> [TASK BRIEF] In your copy of the data, include no pictures and alter nothing else.

> [DATASET CONTENT]
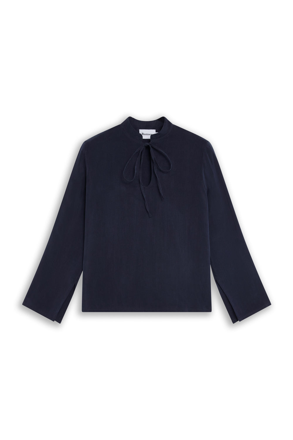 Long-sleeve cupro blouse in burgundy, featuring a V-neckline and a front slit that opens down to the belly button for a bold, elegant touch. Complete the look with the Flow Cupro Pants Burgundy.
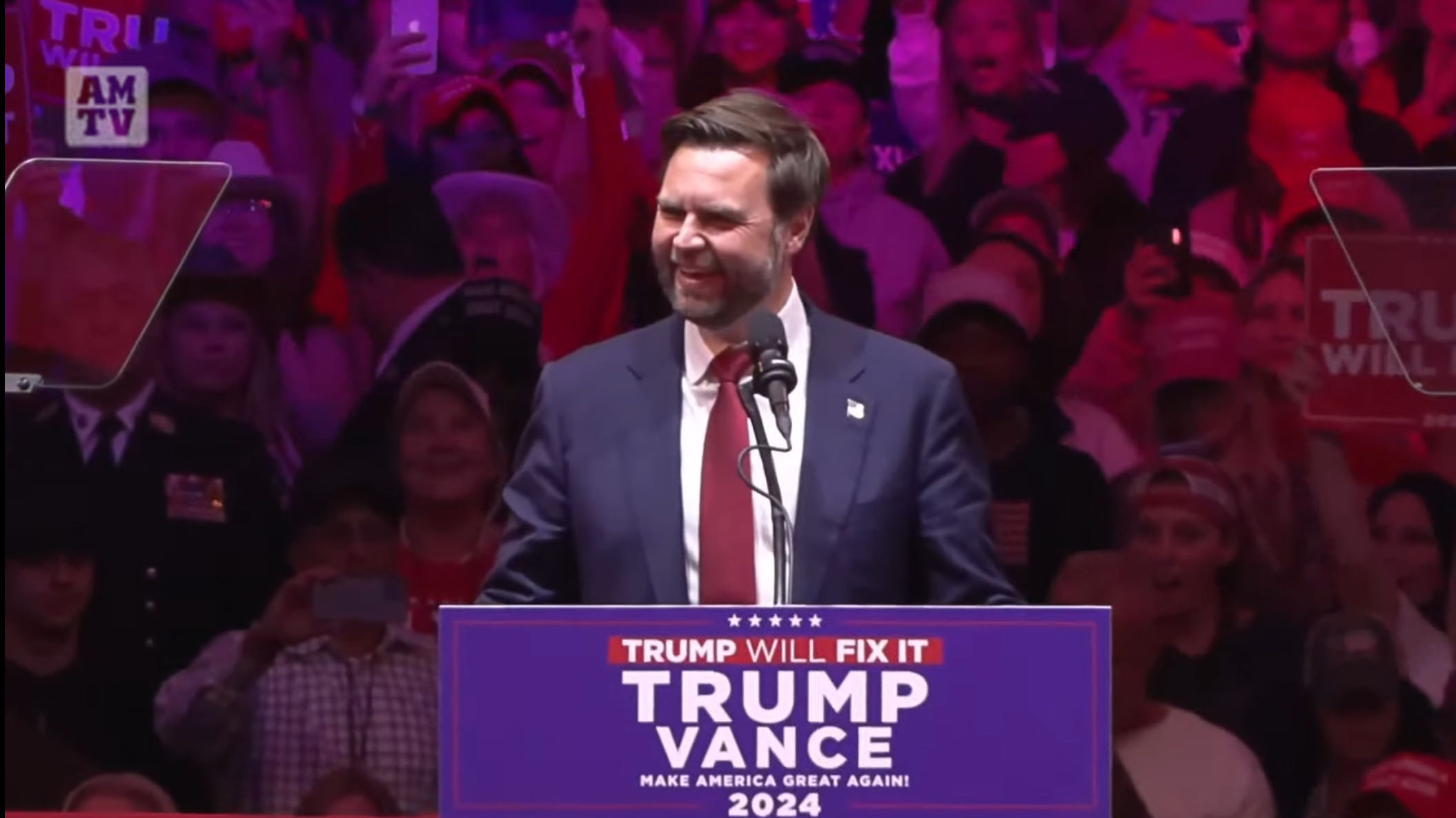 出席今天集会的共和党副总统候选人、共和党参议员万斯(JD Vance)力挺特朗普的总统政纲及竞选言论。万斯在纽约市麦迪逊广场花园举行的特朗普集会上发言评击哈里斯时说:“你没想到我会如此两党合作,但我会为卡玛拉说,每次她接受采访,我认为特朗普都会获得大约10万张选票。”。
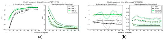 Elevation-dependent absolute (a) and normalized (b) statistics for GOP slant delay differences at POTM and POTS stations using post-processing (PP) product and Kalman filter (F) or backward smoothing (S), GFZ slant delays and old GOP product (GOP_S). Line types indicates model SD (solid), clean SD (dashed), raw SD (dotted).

> [TASK OUTPUT]
 Long-sleeve cupro blouse in burgundy, featuring a V-neckline and a front slit that opens down to the belly button for a bold, elegant touch. Complete the look with the Flow Cupro Pants Burgundy.
 出席今天集会的共和党副总统候选人、共和党参议员万斯(JD Vance)力挺特朗普的总统政纲及竞选言论。万斯在纽约市麦迪逊广场花园举行的特朗普集会上发言评击哈里斯时说:“你没想到我会如此两党合作,但我会为卡玛拉说,每次她接受采访,我认为特朗普都会获得大约10万张选票。”。
 Elevation-dependent absolute (a) and normalized (b) statistics for GOP slant delay differences at POTM and POTS stations using post-processing (PP) product and Kalman filter (F) or backward smoothing (S), GFZ slant delays and old GOP product (GOP_S). Line types indicates model SD (solid), clean SD (dashed), raw SD (dotted).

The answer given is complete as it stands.